→ **Exercise**
Transcribe the whole listing exactly; the images stay out.

→ **Dataset section**
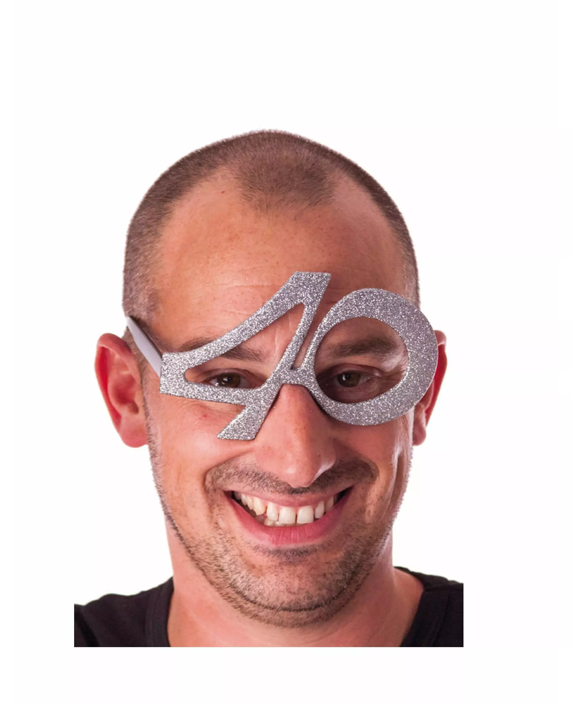 Glitter Bursdagsbriller til 40-årsdagen. Disse plastbrillene representerer tallet 40, som hentyder til alderen 40.
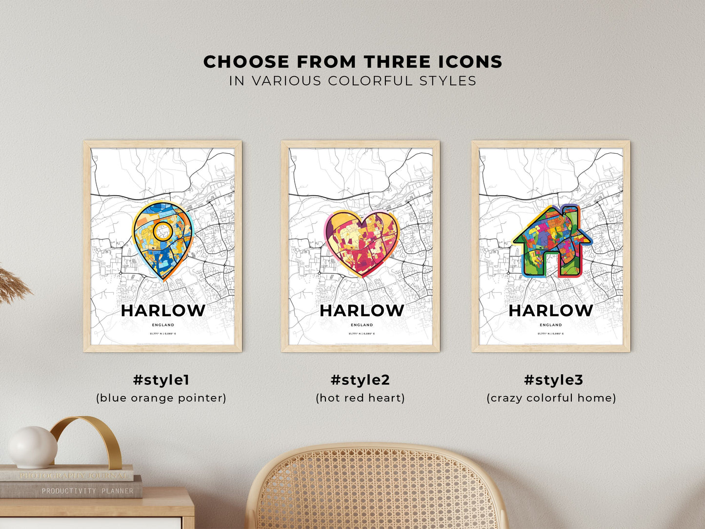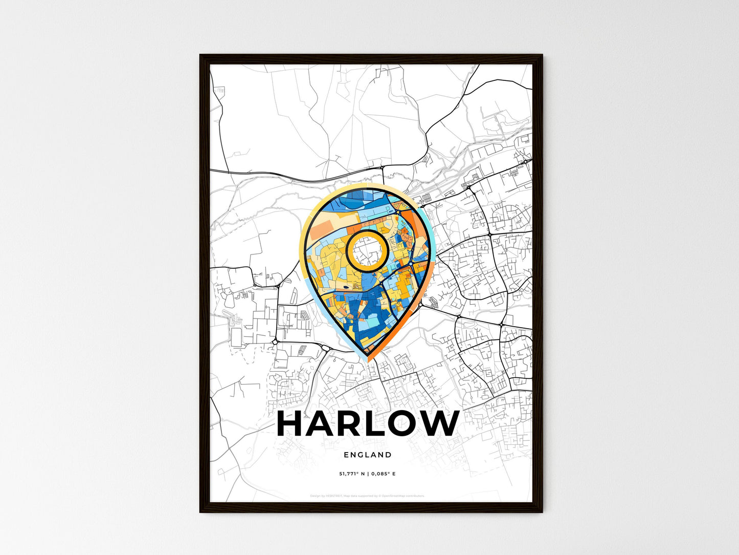 Our map of Harlow England shows minimalist designed roads, railroads and waterways combined with colorful urban areas within one icon.
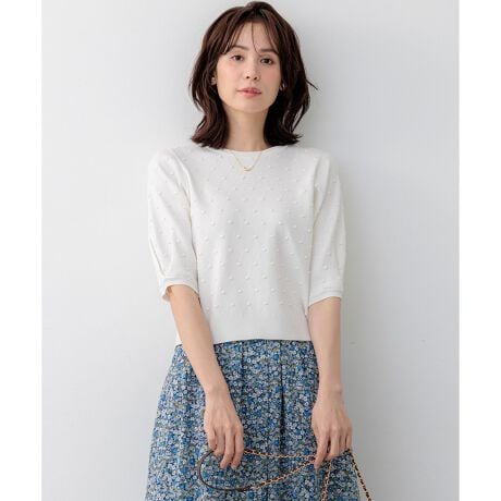 組曲オリジナル編み柄でスタイリングが華やぐ5分袖ニット

→ **Output of the exercise**
 Glitter Bursdagsbriller til 40-årsdagen. Disse plastbrillene representerer tallet 40, som hentyder til alderen 40.
 Our map of Harlow England shows minimalist designed roads, railroads and waterways combined with colorful urban areas within one icon.
 組曲オリジナル編み柄でスタイリングが華やぐ5分袖ニット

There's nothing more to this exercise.